Although gefilte fish has become a big part of Jewish holiday eating over the centuries, it isn’t actually a formal or required part of religious observance. It’s definitely not Biblically-based. That said, there is an old Jewish saying: “Without fish, there is no Sabbath.” This was also true for all the big holidays, including Rosh Hashanah—fish of some sort was often part of any important celebration. Back in the 19th century, shtetl fish was bought live at the market (in fact, Ari’s great-grandfather was a fish seller in his hometown of Vawkavysk in Belarus).

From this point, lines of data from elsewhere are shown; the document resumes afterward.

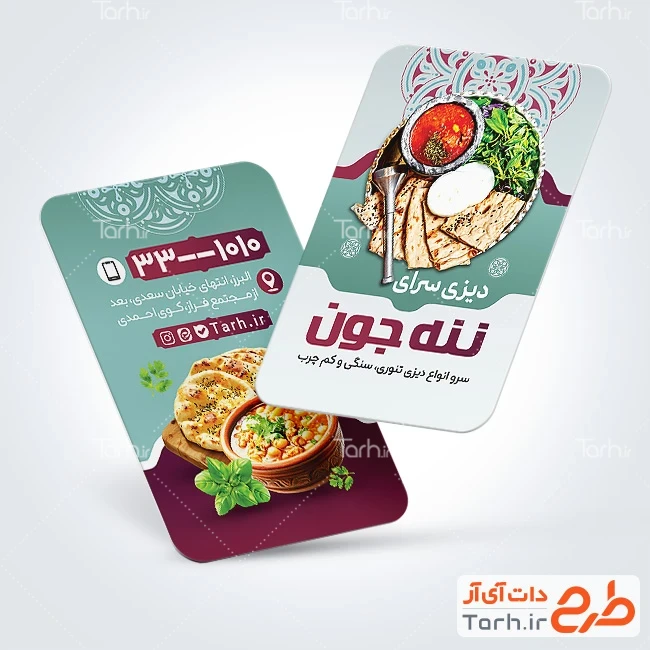 ابعاد طرح کارت ویزیت رستوران سنتی دیزی و دیزی سرا در جدول ویژگیهای فایل درجشده و با توجه به لایه باز بودن و کیفیت بالای طرح لایه باز کارت ویزیت دیزی، قابلیت ویرایش و تبدیل به سایز دلخواه مانند کارت ویزیت مربع، دایره، برش خاص، قالب اختصاصی و ... را دارا میباشد. کارت ویزیت خام دیزی سرا قابلیت چاپ افست و چاپ دیجیتال روی انواع جنس کارت ویزیت مانند گلاسه، لمینت، کتان، کرافت، سلفون و پیویسی و ... را دارد. همچنین میتوان از طرح های کارت ویزیت جهت چاپ اتیکت، لیبل، کارت آویز و ... نیز استفاده کرد.
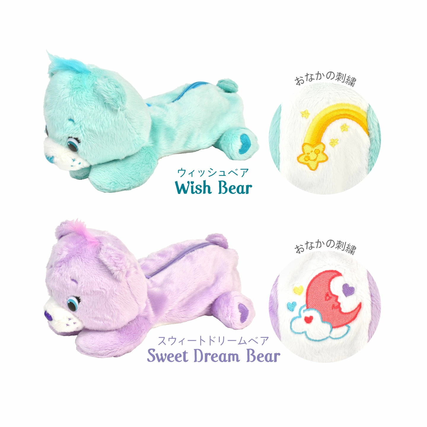 【ロングポーチ】ぬいぐるみペンケースにケアベアが登場!ふわふわな触り心地のぬいぐるみ生地を使用して存在感抜群。おなかにはそれぞれかわいい刺繍が入っています♪15cm定規などの文房具も入るサイズ感で、ペンケースや小物入れにぴったりです。
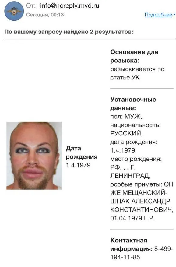 Основанием для розыска стала уголовная статья. Однако в базе розыска ведомства не указано, о какой именно статье идет речь. Похоже, что он разыскивается в связи с дискредитацией российской армии.
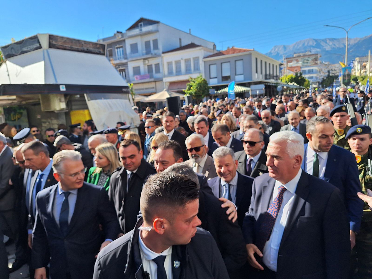 Κατά την υποδοχή του, ο Περιφερειάρχης Πελοποννήσου Δημήτρης Πτωχός, σε μια συγκινητική προσφώνηση, τόνισε τη σπουδαιότητα της παρουσίας του Πατριάρχη στη γη των Παλαιολόγων και των Σπαρτιατών. «Η Σπάρτη βιώνει σήμερα την Άνοιξη, με τις γλυκόφθογγες καμπάνες να σημαίνουν ένα διαφορετικό Πάσχα», ανέφερε χαρακτηριστικά, περιγράφοντας τη μοναδικότητα της στιγμής. Υπογράμμισε επίσης την ευλάβεια και την αγάπη των Λακώνων για την Εκκλησία και την Πατρίδα, βλέποντας στο πρόσωπο του Πατριάρχη τον πνευματικό ηγέτη που φέρνει το «βυζαντινό μύρο» στη Σπάρτη.
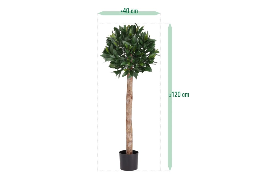 Umelý guľatý vavrín na prírodnej stonke. Výška 120 cm, priemer gule 40 cm. Vhodný na vonkajšie použitie vďaka materiálu chránenému proti UV žiareniu.
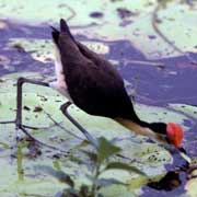 There are large flightless bird, like the cassowary and the emu; the latter emits a weird rumbling sound and is capable of running very fast. In the wetlands in the north are pelicans, brolgas, flocks of white cockatoos and the “Jesus Bird”, so called because it seems to walk on water (but really, of course, on water lily pads).
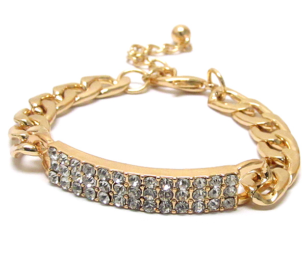 WHOLESALE CRYSTAL PAVED ON CURVED METAL PLATE AND THICK CHAIN BRACELET 394136
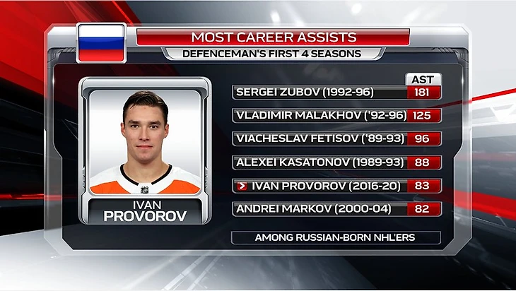Проворов превзошел достижение Андрея Маркова (82 ассиста) и вышел на 5-е место среди российских защитников по передачам, сделанным за первые четыре сезона в НХЛ.
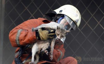Petugas Damkar Selamatkan Kucing dari Kebakaran Pasar Senen
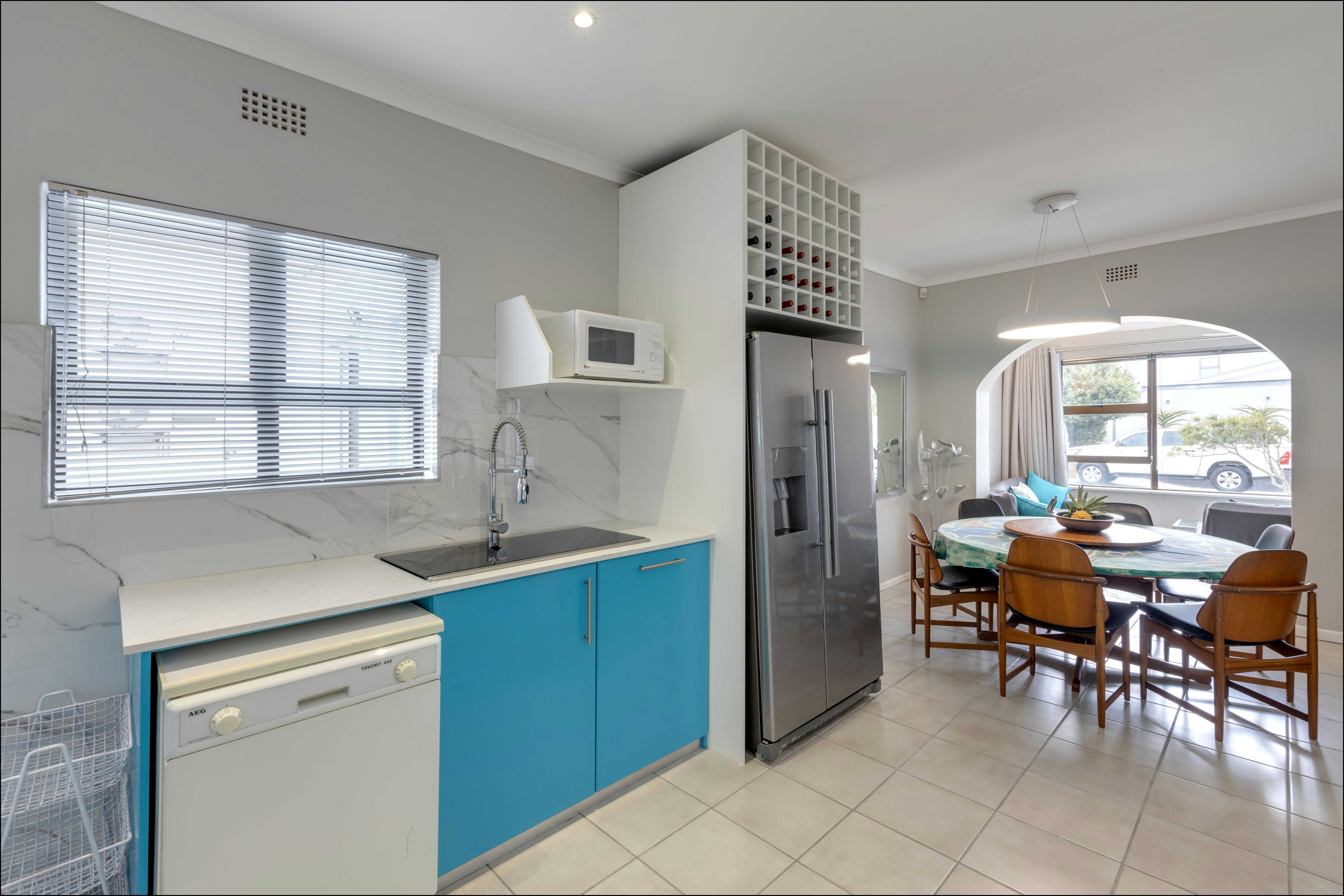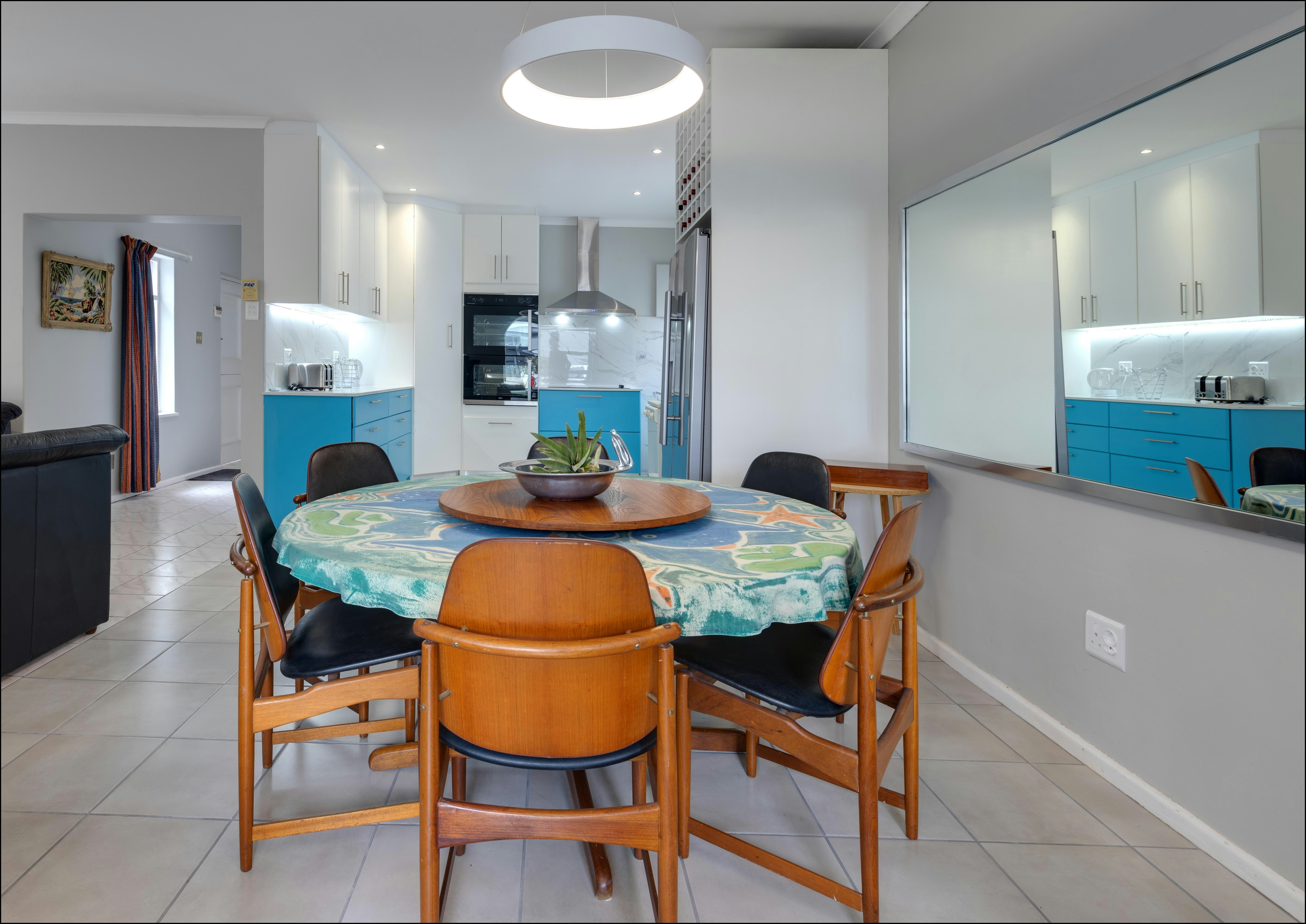 Die kombuis is toegerus met 'n yskas, stoof, oond, mikrogolfoond, eetgerei, breekware en tee- en koffiemaakgeriewe, en beskik oor 'n skottelgoedwasser, terwyl 'n wasmasjien ook beskikbaar is vir ekstra gerief. Dit strek tot by die eetarea en verder na die sitkamer gemeubileer met gemaklike sitplek, 'n TV en 'n knus kaggel.

The gefilte fish tradition is also based in the poverty of Eastern European Jewish society. Tradition dictated that everyone should have a piece of fish on the Sabbath or holidays, but many people couldn’t afford it. Gefilte fish made it possible to serve a small piece of fish to everyone in the family. Also, Jewish law prohibits any work on the Sabbath or High Holidays, and it was determined many centuries ago that pulling bones out of fish was considered “work.” That meant that any fish dish eaten on the Sabbath or High Holidays (like Rosh Hashanah) had to be boneless. Hence, gefilte fish—fish that was boned, ground, and poached to make for easy, work-free consumption.

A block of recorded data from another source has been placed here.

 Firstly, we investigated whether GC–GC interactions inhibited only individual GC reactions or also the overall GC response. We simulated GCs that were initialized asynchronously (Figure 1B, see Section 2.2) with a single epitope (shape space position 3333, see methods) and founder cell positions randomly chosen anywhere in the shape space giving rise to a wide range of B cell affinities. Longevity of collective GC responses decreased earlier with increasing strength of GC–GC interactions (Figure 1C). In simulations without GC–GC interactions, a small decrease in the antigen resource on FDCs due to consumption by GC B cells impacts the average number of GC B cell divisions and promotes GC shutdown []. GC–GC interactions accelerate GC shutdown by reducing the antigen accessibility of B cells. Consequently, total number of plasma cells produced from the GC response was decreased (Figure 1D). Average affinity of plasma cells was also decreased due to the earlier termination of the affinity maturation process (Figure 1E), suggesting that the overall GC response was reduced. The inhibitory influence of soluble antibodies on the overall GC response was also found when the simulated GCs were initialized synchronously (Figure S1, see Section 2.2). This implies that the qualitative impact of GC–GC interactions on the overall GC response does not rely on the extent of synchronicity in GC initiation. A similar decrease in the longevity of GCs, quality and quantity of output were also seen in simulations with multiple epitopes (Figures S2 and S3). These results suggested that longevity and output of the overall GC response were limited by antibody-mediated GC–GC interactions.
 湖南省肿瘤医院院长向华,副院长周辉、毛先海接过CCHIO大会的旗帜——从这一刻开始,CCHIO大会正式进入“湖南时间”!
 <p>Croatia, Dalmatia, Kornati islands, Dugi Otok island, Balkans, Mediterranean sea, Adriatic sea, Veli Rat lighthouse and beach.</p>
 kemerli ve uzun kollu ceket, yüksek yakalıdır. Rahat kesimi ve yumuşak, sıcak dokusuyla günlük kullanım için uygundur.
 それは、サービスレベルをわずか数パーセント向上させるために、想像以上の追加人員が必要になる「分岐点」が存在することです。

While we know it gets a bad rap at times, gefilte fish is GOOD! It’s truly an appetizer that everyone could and should try. Made with fresh lake fish and spiced with sea salt and white pepper—the fish we use is ground in the Deli kitchen, then poached in homemade fish broth. Over the years, co-managing partner Rodger Bowser and the Deli kitchen crew have gotten really good at making this traditional Jewish specialty. Buy it by the piece and serve it with the Deli’s housemade prepared horseradish (be careful—it’s hot!).